The distfit library can determine the best fit for over 90 theoretical distributions. The goodness-of-fit test is used to score for the best fit and after finding the best-fitted theoretical distribution, the loc, scale, and arg parameters are returned.
It can be used for parametric, non-parametric, and discrete distributions. ⭐️Star it if you like it⭐️
</div>

---

### Key Features

| Feature | Description | Medium | Gumroad+Podcast |
|---------|-------------|--------|-----------------|
| [**Parametric Fitting**](https://erdogant.github.io/distfit/pages/html/Parametric.html) | Fit distributions on empirical data X. | [Link](https://medium.com/data-science-collective/how-to-find-the-best-theoretical-distribution-for-your-data-cb4b8e7ea80d) | [Link](https://erdogant.gumroad.com/l/how-to-find-the-best-theoretical-distribution-for-your-data-cb4b8e7ea80d) |
| [**Non-Parametric Fitting**](https://erdogant.github.io/distfit/pages/html/Quantile.html) | Fit distributions on empirical data X using non-parametric approaches (quantile, percentiles). | - | - |
| [**Discrete Fitting**](https://erdogant.github.io/distfit/pages/html/Discrete.html) | Fit distributions on empirical data X using binomial distribution. | - | - |
| [**Predict**](https://erdogant.github.io/distfit/pages/html/Functions.html#module-distfit.distfit.distfit.predict) | Compute probabilities for response variables y. | - | - |
| [**Outlier Detection**](https://erdogant.github.io/distfit/pages/html/Generate.html) | Detect anomalies using fitted distributions. | [Link](https://medium.com/data-science-collective/outlier-detection-using-distribution-fitting-in-univariate-datasets-4b16517a91e6) | [Link](https://erdogant.gumroad.com/l/outlier-detection-using-distribution-fitting-in-univariate-datasets-4b16517a91e6) |
| [**Synthetic Data**](https://erdogant.github.io/distfit/pages/html/Generate.html) | Generate synthetic data. | [Link](https://medium.com/data-science-collective/the-starters-guide-to-learn-generating-synthetic-data-sampling-from-univariate-distributions-5a5df316cba3) | [Link](https://erdogant.gumroad.com/l/the-starters-guide-to-learn-generating-synthetic-data-sampling-from-univariate-distributions-5a5df316cba3) |
| [**Plots**](https://erdogant.github.io/distfit/pages/html/Plots.html) | Various plotting functionalities. | - | - |

---

### Resources and Links
- **Example Notebooks:** [Examples](https://erdogant.github.io/distfit/pages/html/Documentation.html)
- **Medium Blogs** [Medium](https://erdogant.github.io/distfit/pages/html/Documentation.html#medium-blogs)
- **Gumroad Blogs with podcast:** [GumRoad](https://erdogant.github.io/distfit/pages/html/Documentation.html#gumroad-products-with-podcasts)
- **Documentation:** [Website](https://erdogant.github.io/distfit)
- **Bug Reports and Feature Requests:** [GitHub Issues](https://github.com/erdogant/distfit/issues)

---

### Background

* For the parametric approach, The distfit library can determine the best fit across 89 theoretical distributions.
  To score the fit, one of the scoring statistics for the good-of-fitness test can be used used, such as RSS/SSE, Wasserstein,
  Kolmogorov-Smirnov (KS), or Energy. After finding the best-fitted theoretical distribution, the loc, scale,
  and arg parameters are returned, such as mean and standard deviation for normal distribution.

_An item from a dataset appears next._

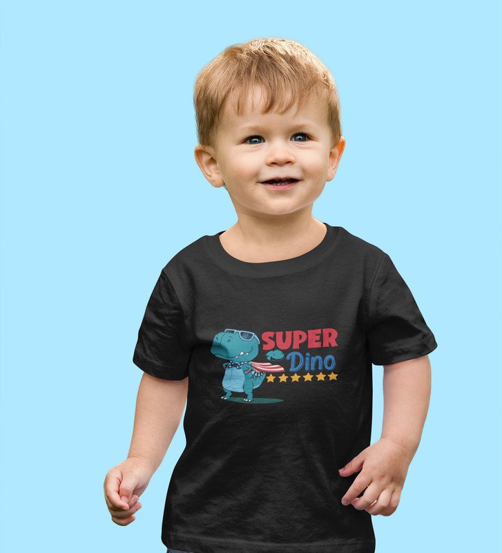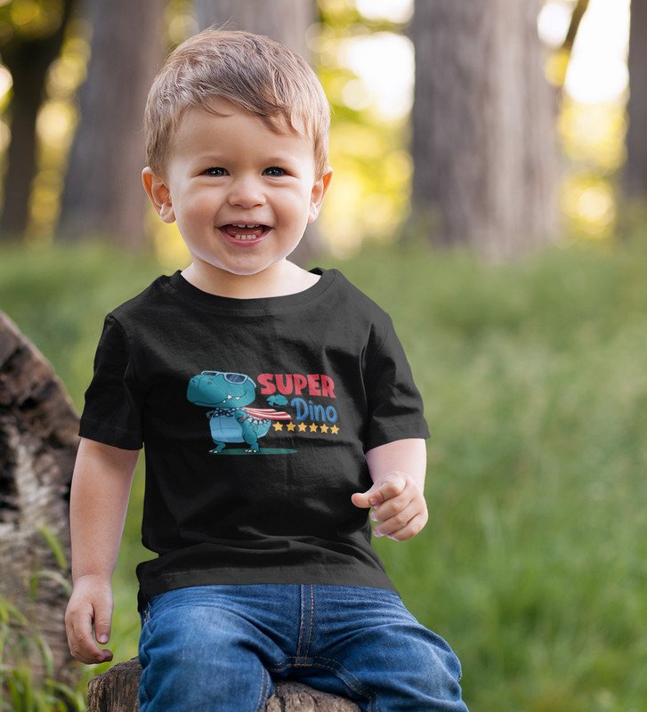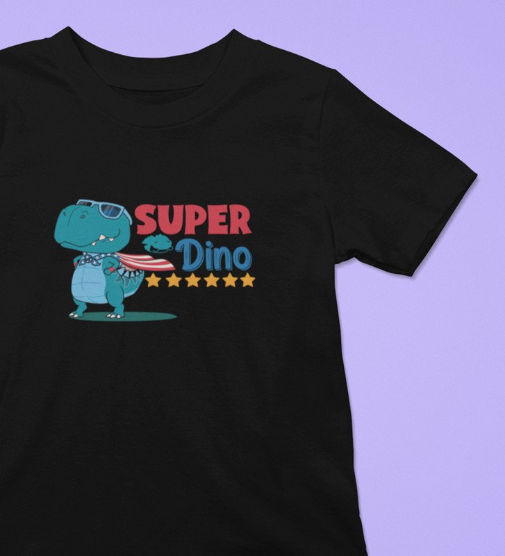SuperoHero Dino, Boys Printed Crew Neck Tshirt (black)

* For the non-parametric approach, the distfit library contains two methods, the quantile and percentile method.
  Both methods assume that the data does not follow a specific probability distribution. In the case of the quantile method,
  the quantiles of the data are modeled whereas for the percentile method, the percentiles are modeled.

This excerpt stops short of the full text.